FIG. 12 is an explanatory diagram illustrating the movement of the autonomous mobile robot according to the present embodiment. As shown in FIG. 12A, the floor panel 8 is provided with a second sensor confirmation means (magnetic tape 8i, 8k) using orthogonal tape-shaped guides and a second tape-shaped guide at an intersection. The sensor confirmation means (mark 9) is provided. Therefore, the unmanned transfer vehicle 4 can travel straight ahead accurately.

As shown in FIG. 12B, the floor panel 8 is provided with a second sensor confirmation means (magnetic tape 8i, 8k) using orthogonal tape-shaped guides and a second tape-shaped guide at an intersection. The sensor confirmation means (mark 9) is provided. Therefore, the unmanned transfer vehicle 4 can travel exactly at right angles to 12 (a).

As described above, the unmanned transfer vehicle 4 travels on the floor device 1 for traveling the unmanned transfer vehicle via the mark and the magnetic sensor, and another example of the arrangement position of the magnetic tape and the mark 9 will be described. FIG. 13 is an explanatory diagram illustrating the movement of the autonomous mobile robot according to the present embodiment. FIG. 14 is a flowchart of the floor device for traveling an unmanned transfer vehicle according to the present embodiment. The operation from one floor panel of the unmanned transfer vehicle 4 to the other floor panel will be described with reference to FIGS. 13 (a) to 13 (g) and FIG. Here, it is assumed that the unmanned transfer vehicle 4 is traveling in the front-rear direction on the passage 8A. Further, the mark 9 is embedded in the center of the floor panel 8.

In step S30, the unmanned transfer vehicle 4 is located at the start (FIG. 13 (a)). The magnetic tape sensor 4c detects the magnetic tape 8a. Further, the magnetic tape sensor 4d detects the magnetic tape 8b.

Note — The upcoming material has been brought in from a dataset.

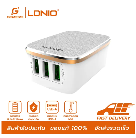 GE32-LDNIO A3304 อแดปเตอร์ 3 USB Port Travel Charger For Mobile Phone 5V/3.4A US/EU Plug Fast Charging รับประกันของแท้

In step S31, the magnetic tape sensor 4d behind the unmanned transfer vehicle 4 that has moved a little is turned off (FIG. 13 (b)). That is, the magnetic tape sensor 4d is separated from the magnetic tape 8b.

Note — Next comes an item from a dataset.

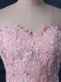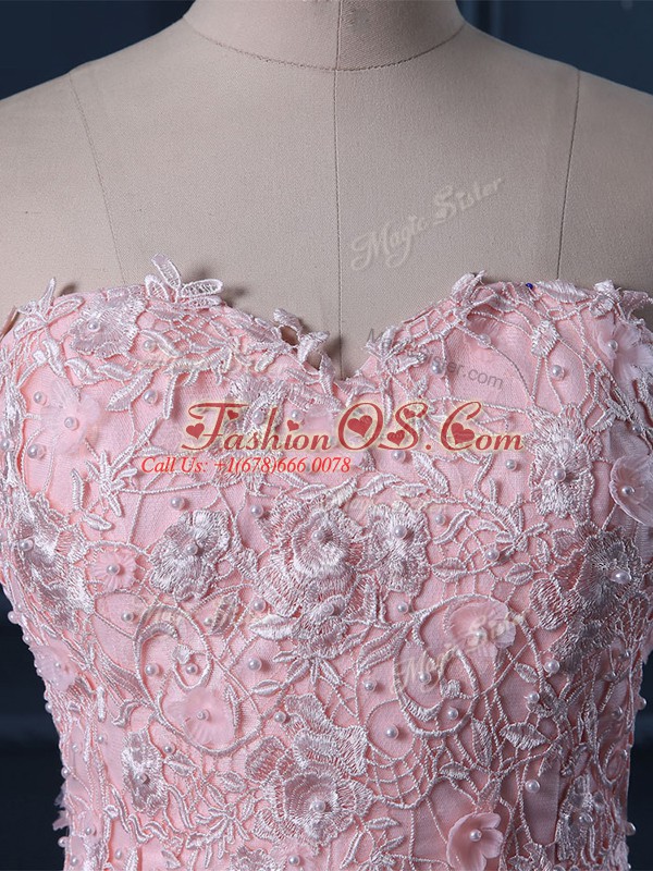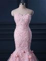 Pretty Sleeveless Appliques and Hand Made Flower Lace Up Prom Gown with Baby Pink Brush Train

In step S32, in the unmanned transfer vehicle 4, the magnetic tape sensor 4d at the rear picks up the magnetic tape 8i (FIG. 13 (c)).

In step S33, in the unmanned transfer vehicle 4, the front magnetic tape sensor 4c is turned off (the rear magnetic tape sensor 4d is detached from the magnetic tape 8i) (FIG. 13 (d)).

In step S34, in the unmanned transfer vehicle 4, the rear magnetic tape sensor 4d is turned on (the front magnetic tape sensor 4c picks up the magnetic tape 8j) (FIG. 13 (e)).

In step S35, in the unmanned transfer vehicle 4, the magnetic tape sensor 4c in front of the unmanned transfer vehicle 4 is detached from the magnetic tape 8j (FIG. 13 (f)).

In step S36, in the unmanned transfer vehicle 4, the magnetic tape sensor 4c in front of the unmanned transfer vehicle 4 is turned on to the magnetic tape 8e (FIG. 13 (g)).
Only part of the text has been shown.